• Home
  • |
  • Blog
  • |
  • Step-By-Step Procedure To Install Splunk On Linux Server
How to Install Splunk on Linux Server

If you have ever been part of any organization, you know how many assets an organization has. It’s a lot right: laptops, desktops, servers, access points, network switches, routers, firewalls, telephones, printers, biometrics, cameras, CC TVs, and these a tons of applications, services, software, interfaces to operate the organization. Let’s take a small device like Biometric, which captures access information whenever someone swipes to log in or log out. Imagine, just a small device like Biometric generates how much data. Then, imagine the amount of data will be generated by all the assets in an organization. The biggest challenge comes that how to process the data? How to extract the required information for a large chunk of data? How to analyze the data to extract. The solution to this problem is lice in a good analytics tool. Splunk is one of the popular tools in the data analytics landscape. However, you should need to install and configure Splunk to make use of it. Let’s see how to install Splunk on a Linux platform.

What Is Splunk?

Splunk is a log analyzer tool that takes all the machine data as input and lets the analyst query the data on its web interface. Splunk is most likely used to search, analyze, monitor, and visualize the machine data generated by workstations, servers, applications, appliances, sensors, and other assets. Splunk application is developed by Splunk Inc., an American technology company based in San Francisco, California. Splunk has a variety of products for different applications. Check out the products page for more information.

Components Of Splunk:

All right, Before we jump into the installation, it is much required to know about its architecture. Let’s learn about Splunk architecture. So we’re going to take an approach to just look at it from a high level.
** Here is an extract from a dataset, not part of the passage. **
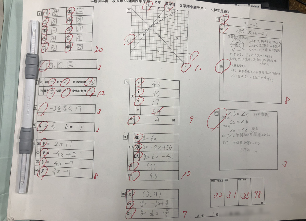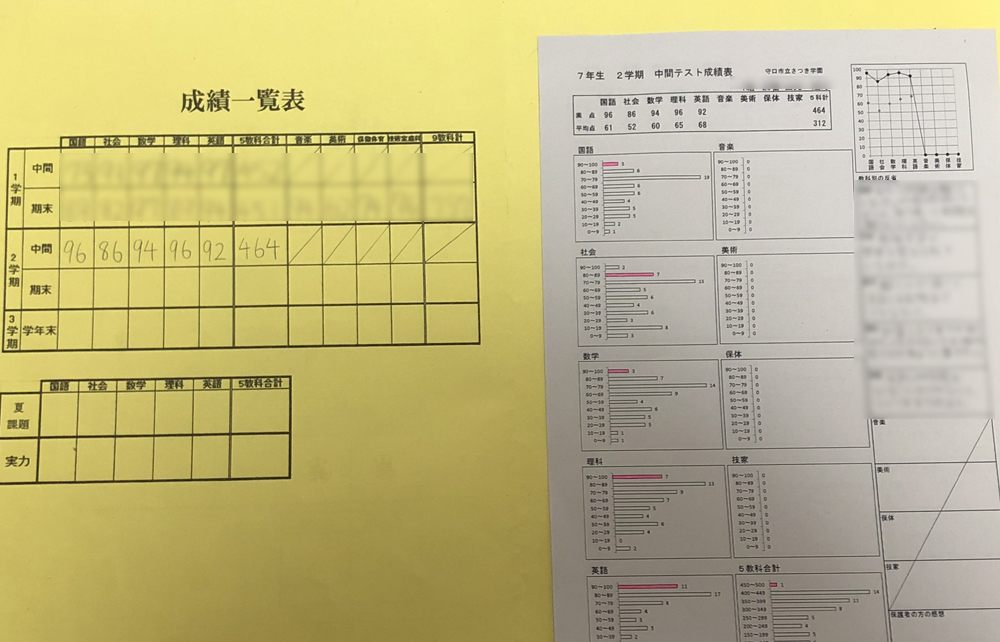 最後の中学校の中間テストも返ってきて

Splunk has three core components: Indexer, Forwarder, Search head. So let’s jump right into that.

  1. Splunk Indexer: Splunk indexer is the secret sauce that actually puts your data or your log files in a searchable fashion. The index is what’s going to receive the log files and index those logs so that they can be searched.
  2. Splunk Head: Search head is a user interface where the Splunk users, and mostly even the administrators, are going to be using and configuring. This will be the graphical interface where you’re going to go in, write your queries, create message alerts, do a lot of the Splunk administration, and also, it’s going to be what you think is really the Splunk environment. So you’re going to be interacting with a search head and the search environment on a daily basis.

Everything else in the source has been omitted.